Tarantulas - the truth behind their evil image

Tarantulas are the movie stars of the spider world. 

They are cast in films when things hairy, scary and deadly are needed. But despite their appearance and reputation, bites from these spiders usually cause little harm.

So how did they get such a bad reputation?

The myth

The Tarantula story starts way back.

In 1370, in a small town called Taranto in southern Italy a strange and mysterious epidemic broke out for which the only cure seemed to be wild dancing and music. Occurring every summer for three hundred years, this disease was thought to be caused by the bite of a large, hairy Wolf Spider (Lycosa tarantula), which became known as a Tarantula.

In the 1600s, people discovered that these spiders were virtually harmless. Many then concluded that the whole phenomenon of Tarantism was simply an excuse far a wild party. However, it is now suspected that a spider was involved and the real culprit was a European relative of the Redback or Widow Spider.

The reality

As Europeans colonised the world, they saw even bigger and hairier spiders, and called them Tarantulas too. As a result, many large and hairy spiders are now commonly, but incorrectly, called Tarantulas. The only true Tarantulas are the large spiders of the family Theraphosidae. Some examples of spiders from this family include:

  • Brazilian Salmon Tarantula (Lasiodora parahybana)
  • King Baboon Spider (Citharischius crawshayi)
  • Goliath Birdeater Tarantula (Theraphosa blondi)
  • Pinktoe Tarantula (Avicularia avicularia)
  • Mexican Redknee Tarantula (Euathlus (Brachypelma) smithi)
  • Whistling Spider (Selenocosmia crassipes)
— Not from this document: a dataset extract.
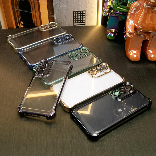 Luxury Plating Shockproof Clear Case for Samsung Galaxy A15 A25 A34 A35 A53 A54 A55 4G 5G Transparent Hard Acrylic Hybrid Bumper Armor Cover.

More about true tarantulas

Brazilian Salmon Tarantula (Lasiodora parahybana)
  • Where they live: wandering around and in burrows on the ground in the tropical rainforests of Brazil
  • Favourite foods: insects and frogs
  • Special features: one of the largest Tarantulas known
  • Temperament: aggressive; will bite and throw off barbed hairs from their abdomen when annoyed.
King Baboon Spider (Citharischius crawshayi)
  • Where they live: in burrows arround the roots of Acacia trees in the scrubby grasslands of Tanzania, Kenya and Uganda
  • Favourite foods: insects and small vertebrates like lizards
  • Special features: large with thick legs; may use their strong back legs for digging.
  • Temperament: aggressive; defend themselves by making a hissing sound and by biting.
Goliath Birdeater Tarantula (Theraphosa blondi)
  • Where they live: in burrows in the rainforests of north-eastern South America, one of the wettest places in the world
  • Favourite foods: small vertebrates like frogs and mice, as well as insects. Despite their name, they are not known to eat birds.
  • Special features: the largest spiders in the world
  • Temperament: aggressive; throw off barbed hairs and make a hissing noise when annoyed.
Pinktoe Tarantula (Avicularia avicularia)
  • Where they live: on trees and shrubs in rainforests and roof eaves of houses in South America
  • Favourite foods: mostly insects
  • Special features: very hairy and fuzzy looking with pink-orange toes
  • Temperament: quiet and fairly tolerant; will live in groups if there is enough space.
Mexican Redknee Tarantula (Euathlus (Brachypelma) smithi)
  • Where they live: in burrows and under rocks in the dry Pacific coastal region of Mexico
  • Favourite foods: large insects
  • Special features: colourful, live for more than 20 years and are easy to keep, so they are popular as pets and movie stars.
  • Temperament:very docile spiders but throw off barbed hairs from the abdomen when annoyed
  • Over-collecting has endangered these spiders. Their collection and trade is now regulated under international agreements.
Whistling Spider (Selenocosmia crassipes)
  • Where they live: in burrows in a variety of habitats in tropical north-eastern Australia and Papua New Guinea
  • Favourite foods: mostly insects and small vertebrates like frogs
  • Special features: like all of Australia's Tarantulas, they rub their mouthparts together to make a hissing or 'whistling' noise.
  • Temperament: quite aggressive; defend themselves by making a hissing noise and by biting. Although bites are rare, effects of the venom on humans may be quite severe.